The fairer sex: Female fantasy-sports junkies stake their claim in a male-dominated game

Gina Byrd, left, and Autumn Jones are avid fantasy football players. Both girls are the lone female competitors in leagues dominated by men.

Super Bowl XLIV

What: Indianapolis Colts and the New Orleans Saints, 5 p.m. Sunday, CBS, Sunflower Broadband Channels 5 and 13 and 201 HD.

Where: Sun Life Stadium, Miami Gardens, Fla. This is the 10th Super Bowl played in Miami and the fifth at this stadium.

Attendance: To date, 3,347,608 have attended Super Bowl games. The largest crowd was 103,985 at the 14th Super Bowl at the Rose Bowl in Pasadena, Calif.

Viewers: The game will be distributed internationally by the NFL and NFL International to more than 185 countries and broadcast in 30 different languages.

Players’ share: Winners: $83,000 per man. Losers: $42,000 per man.

The trophy: The trophy stands 20 3/4 inches tall, weighs 6.7 pounds and is valued more than $25,000.

— The Associated Press

Ignore the pundits on “Sportscenter” — Gina Byrd has her own theory about why Brett Favre keeps coming back from retirement.

“It could be because he heard that I was loyal every year,” says Byrd, who drafts Favre every year for her fantasy football team.

After nine years of playing fantasy football, Byrd has developed her allegiances to her favorite players. Her league mates — all men — often tease her for being so predictable.

“I don’t know if this is because I’m a woman or if it’s just me, but I tend to pick the same players year after year,” she says. “I stuck by (Favre) through the lean years. It turned out to be a good thing this year.”

The fairer sex

In the male-dominated world of fantasy sports, it’s not uncommon for players like Byrd to be the only woman in their league.
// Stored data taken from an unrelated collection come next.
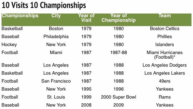 In addition to the ten championships in the year following a Papal visit, four additional teams won Championships two years following a visit from his Holiness. The Islanders and 49ers repeated in 1981 and 1989, respectively. In 1989, the Oakland A’s and the Detroit Pistons finally closed the deal with championships after losses in the World Series and the NBA Finals in 1988. Ironically, in 1988 those two teams lost to Los Angeles teams, a city the Pope also visited in 1987.
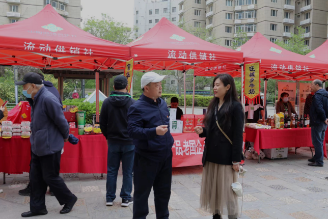 這個小區(qū)周邊有很多生活超市、社區(qū)集市,但流動供銷社的帳篷就扎在小區(qū)內(nèi)。別看只隔了一扇門,省了幾步路,對消費者來說還是方便了不少,很多習慣了網(wǎng)購的年輕人都愿意下樓湊個熱鬧。小區(qū)定期還有新發(fā)地菜市場來擺攤,生意同樣很好。這說明只要離消費者近一點,哪怕就一點,都是優(yōu)勢。
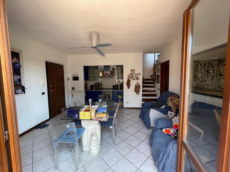 soggiorno con cucinotto separato e terrazza, disimpegno, camera con terrazza, cameretta e due bagni a piano primo; ampio locale open space con bagno e terrazza coperta al piano sottotetto.
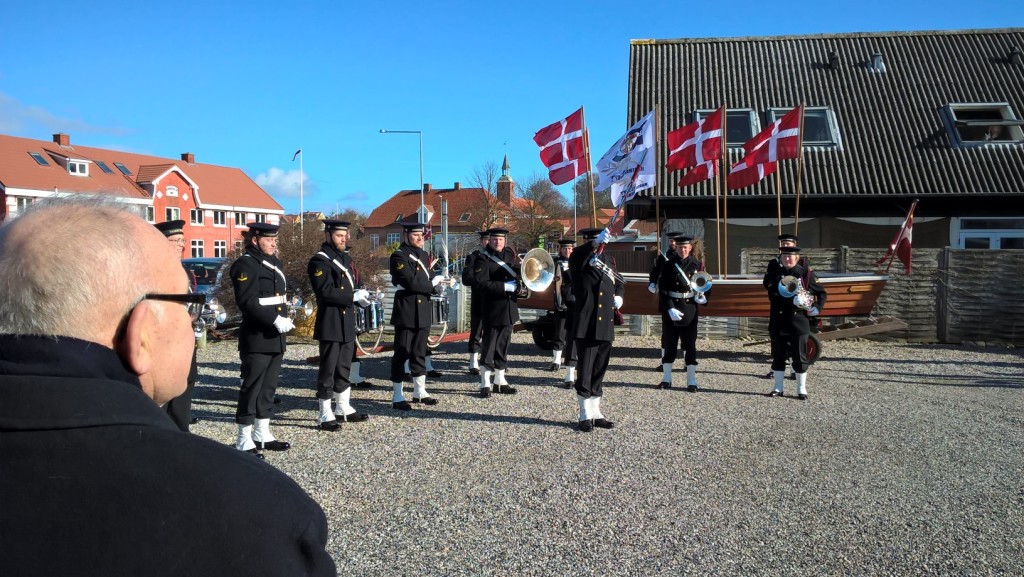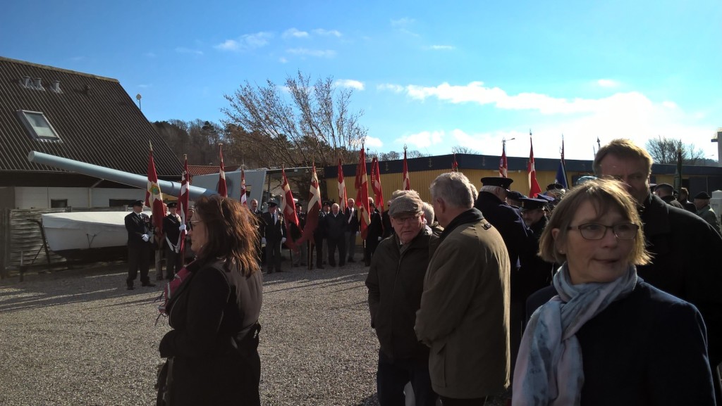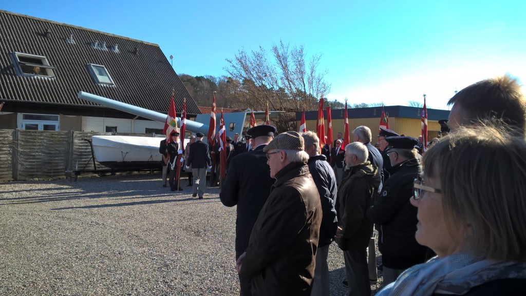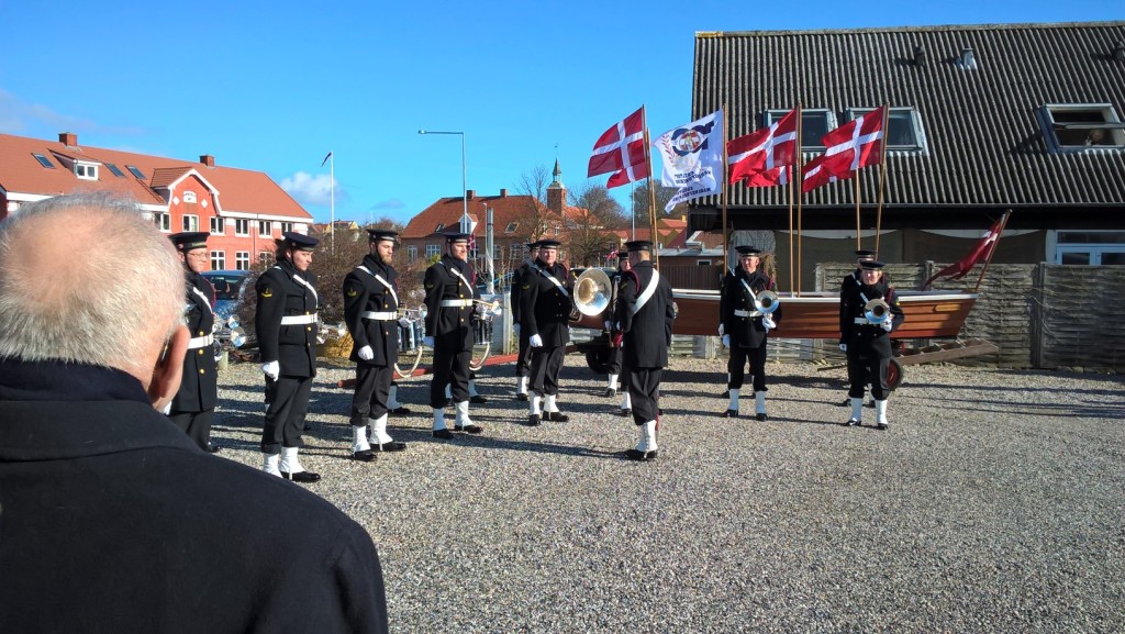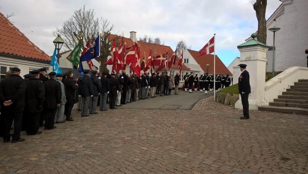 Efter Gudstjenesten marcheredes med Søværnets Tamburkorps og flag-/faneborgen i spidsen til Havnen ad ruten Kirkegade, Overgade, Juulsbakke, Nedergade, Søndergade, Havnevej, hvor der gjordes holdt på kajen foran MHV 908 "Brigaden", hvor Tamburkorpset gav en lille koncert. Derfra marcheredes videre havnen rundt til Marinestuen, hvor Tamburkorpset ligeledes gav en koncert, inden alle flag og faner blev sat i holdere uden for Marinestuen. Det så rigtig flot ud.

The game generally caters to hardcore sports fans who crave competition and get a thrill out of assembling a team that’s more dominant than the product on the field. There are multiple online forums to play in for all major sports, but the concept is the same: field a team with the best players and obliterate the competition.

For Byrd, fantasy football offers another rooting interest when the Pittsburgh Steelers have a bad year.

“I wouldn’t recommend it for someone who isn’t into sports and is just trying to do something with their husband,” says Byrd, whose grandfather was an actual steel worker who rooted for the Steelers. “You need to have your own interest and competitiveness to make it really fun.”

Byrd plays in a league with her husband, Dave Stadler, fueling her drive to win. One year the couple made a bet that whoever finished lower in the standings would have to clean out the garage.

“I lost, but I’m pretty sure he helped me,” Byrd recalls. “There’s a lot of trash-talking leading up to the week that we play each other. There’s occasional yelling and wishing injury upon each other’s players, but we’ve never actually gotten in a real fight about it.”

The husband-wife dynamic can be a volatile one in the world of fantasy sports, especially when one spouse’s season takes a turn for the worse. In one scandalous scenario, the spouse whose season is over tries to trade their best players to their mate — who just happens to be vying for a playoff spot.

“We’ve tried it before, but it didn’t fly,” Byrd says. “Our commissioner is pretty good about denying those … No inside-trading between spouses is allowed.”

All’s fair

For every woman who joins a fantasy league to share a common interest with her boyfriend, there’s another who enlists to kick her hubby’s butt.

Katy Clagett falls into the latter category, having signed up for a fantasy basketball league for the first time this year expressly to challenge her boyfriend, Charles Calhoun.

“It’s fun for me to try and be competitive with him in something that he knows so much more about,” says Clagett, a junior at Kansas University. “At first he was helping me out, but now it’s getting to the point where I’m like, ‘You know what? I’m going to do what I want.'”

As a lifetime KU basketball fan, Clagett has made it a priority to have as many Jayhawks on her roster as she can scoop up.

“The more connected to the players I feel, the more I want to watch them,” she says. “That’s definitely something that fantasy basketball has done for me — I want to watch Allen Iverson, even though he sucks. I’m mad at him. He’s ‘The Answer’ no more.”

Local fantasy junkie Autumn Jones gets a competitive advantage on her fiancé, Brian Bishop, by compiling her own statistical spreadsheets. She says that the men in her league tend to be more outwardly competitive, whereas she prefers to quietly go about her business — especially on weeks when she competes against Brian.

“We get very secretive about our plans,” says Jones, a supervisor for the Clerk of the District Court and bartender at Conroy’s Pub, 3115 W. Sixth St. “It’s a great thing to do if you’ve got a fairly healthy relationship and you can handle all the ribbing that goes along with it. If you don’t, it might not be such a good plan.”

Especially if you’re fighting over who gets to draft Brett Favre next year.